Gentrification as urban strategy

The sales director at Mipim, Emmanuel de Tissot, calls the event a “one-stop-shop, where you have the entire value chain of the real estate from political decision makers, to the investors, the brokers, until the actual event [of development]”. Regarding promising value chains, in addition to new development, a recurring topic of interest at Mipim are the opportunities for regeneration of existing built environments.

Urban renewal is a major element of the real estate game in the post-industrial era and developers are keen for cities to open territories such as waterfront areas and working-class neighbourhoods as new frontiers of circulation, accumulation and value extraction. One global trend is for asset management companies to buy up apartments in disinvested working-class areas with this exact motif. The business model is simple. Buy housing, renovate it, refinance it, and then sell it or rent it at a substantial profit to please the investors.

Asset manager Blackstone for instance has been purchasing units in the old Swedish million programme estates where they believe higher land values could be extracted with minimal investments. The result is the pushing out of low-income tenants and their replacement by more affluent ones or what Swedish scholars have called renovictions.

Maybe Ms. Sanna Marin is going to use her time on the podium to remind the audience how the narrative of urban regeneration and renewal is often used to mask unrestrained gentrification as a global urban strategy. And how gentrification is a cause of displacement, disrupts communities and forces working-class households to move out of their neighbourhoods into less expensive locations thus exacerbating urban segregation.

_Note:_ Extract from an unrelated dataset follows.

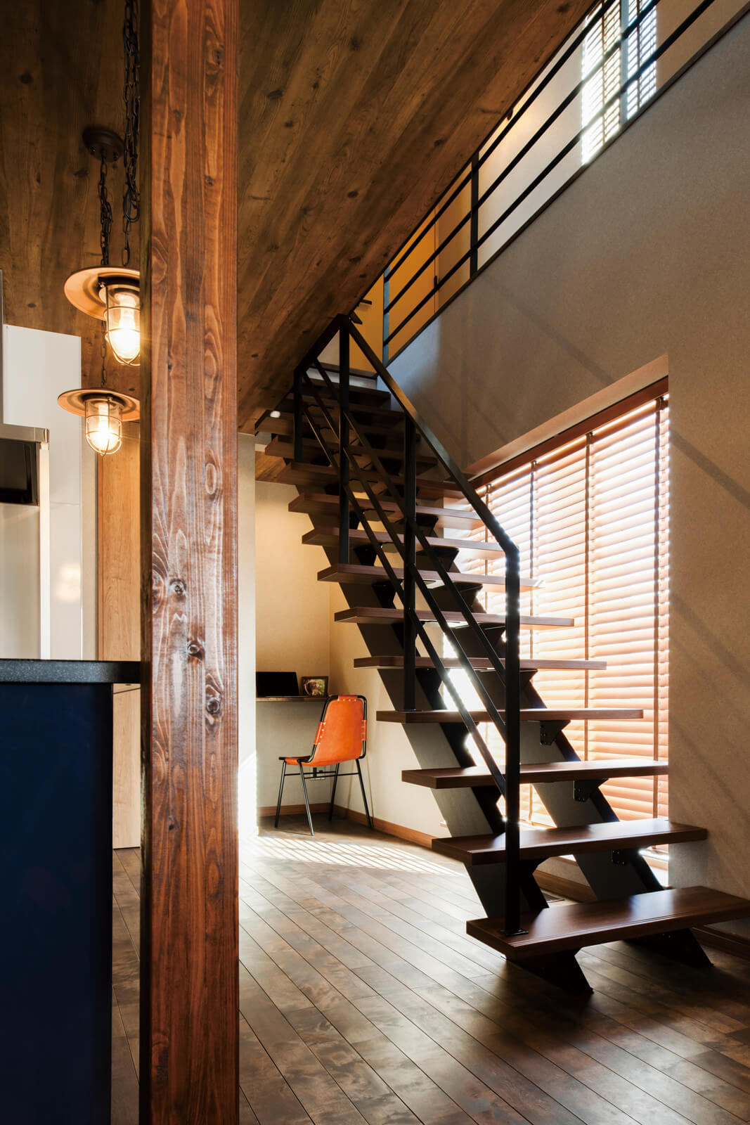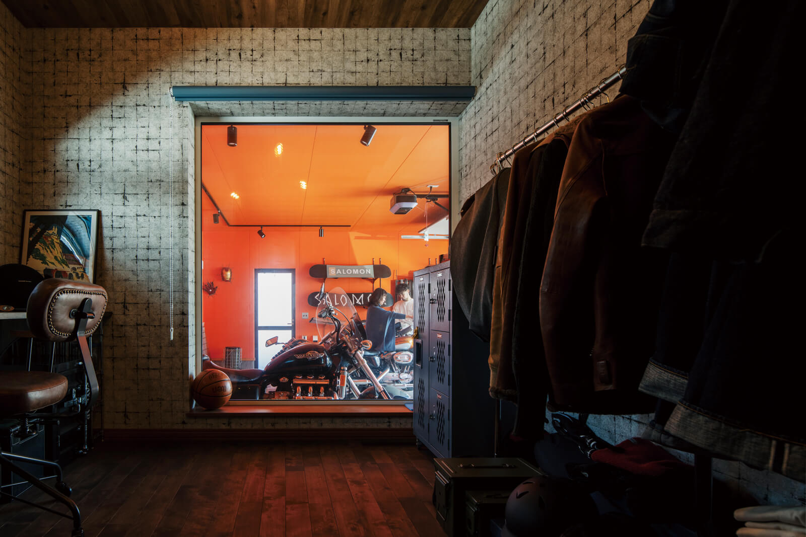 バイク好きが実現した、アメカジスタイルのインナーガレージがある住まい。広い玄関ホールを介してLDKとガレージをつなげ、いつでも愛車を眺められる憧れの空間を形にしました。そばには趣味部屋も設え、大きな窓ガラスからも自慢のガレージを見渡せます。デザインへのこだわりに加え、太陽光発電パネルと蓄電池を備えた「ZEH+」や「全館空調」を採用し、高い住宅性能も確保。一年中どこにいても温度差のない快適な室内環境が整いました。家具をDIYするなど、趣味と心地よさが同居する充実した暮らしを楽しんでいます。

A global festival for the few

Finally, here is an opening for Ms. Marin to also raise a question about participation, transparency and democracy related to urban development. This so called Global Urban Festival is only that in name. In reality, Mipim is a highly exclusive event of carefully selected urban development elites and authorities. It is a networking occasion for real estate professionals, international investment capital, decision makers and urban influencers.

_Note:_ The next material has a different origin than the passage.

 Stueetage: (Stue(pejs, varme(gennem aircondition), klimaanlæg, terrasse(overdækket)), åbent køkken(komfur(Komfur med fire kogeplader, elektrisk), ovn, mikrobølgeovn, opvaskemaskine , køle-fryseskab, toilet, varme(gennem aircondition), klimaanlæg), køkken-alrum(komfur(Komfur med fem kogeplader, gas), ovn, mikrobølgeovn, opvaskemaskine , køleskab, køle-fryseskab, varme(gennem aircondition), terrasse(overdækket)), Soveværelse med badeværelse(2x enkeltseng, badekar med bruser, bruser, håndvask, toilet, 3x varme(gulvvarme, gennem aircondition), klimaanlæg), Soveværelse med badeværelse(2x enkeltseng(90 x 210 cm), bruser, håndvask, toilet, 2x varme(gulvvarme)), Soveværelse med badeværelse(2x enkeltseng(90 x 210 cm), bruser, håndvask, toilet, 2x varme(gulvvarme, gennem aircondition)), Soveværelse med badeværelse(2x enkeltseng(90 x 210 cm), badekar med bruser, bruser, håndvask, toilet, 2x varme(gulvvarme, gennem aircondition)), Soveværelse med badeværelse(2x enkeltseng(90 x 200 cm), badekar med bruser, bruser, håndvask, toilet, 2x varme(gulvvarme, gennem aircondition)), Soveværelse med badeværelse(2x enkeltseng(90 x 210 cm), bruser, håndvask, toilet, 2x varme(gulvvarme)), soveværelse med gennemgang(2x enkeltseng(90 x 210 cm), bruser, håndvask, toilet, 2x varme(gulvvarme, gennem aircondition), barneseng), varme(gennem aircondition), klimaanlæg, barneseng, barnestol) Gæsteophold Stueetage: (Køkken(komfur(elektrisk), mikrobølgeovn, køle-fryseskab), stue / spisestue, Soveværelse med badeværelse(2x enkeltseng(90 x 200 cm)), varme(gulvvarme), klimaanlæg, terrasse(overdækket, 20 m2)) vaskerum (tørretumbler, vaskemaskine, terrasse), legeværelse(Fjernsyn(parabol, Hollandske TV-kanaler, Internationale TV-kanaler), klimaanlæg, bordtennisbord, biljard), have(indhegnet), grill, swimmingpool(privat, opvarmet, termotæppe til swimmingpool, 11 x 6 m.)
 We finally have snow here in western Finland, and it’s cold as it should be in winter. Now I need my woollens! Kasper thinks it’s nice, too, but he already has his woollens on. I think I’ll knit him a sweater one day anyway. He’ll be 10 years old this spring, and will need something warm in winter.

Participation fees alone, starting at eight hundred euros and rising to well over three thousand euros, are prone to leave the average urbanite outside the doors of exhibition halls, luxury yachts, hotel rooms and restaurants, where decision makers and developers withdraw to rub shoulders and make deals with investors. But real estate fairs like Mipim have real world consequences and affect the lived realities of the residents of cities and urban commons everywhere.

The lack of opportunities for representation at the event is glaring. Will Ms. Marin use this occasion to raise the important question to the organisers of Mipim and the city authorities present, why such an essential aspect of the development of the built environment as its financing is discussed behind physical paywalls, excluding the very urban residents whose lives are being affected?

About the author: Mika Hyötyläinen is post-doctoral fellow at the Institute for Housing and Urban Research. His research focuses on land use and housing policies and urban inequality in the Nordic welfare state context. He was a visiting researcher at the School of Architecture, UFMG – Federal University of Minas Gerais (Belo Horizonte, Brazil) in 2023.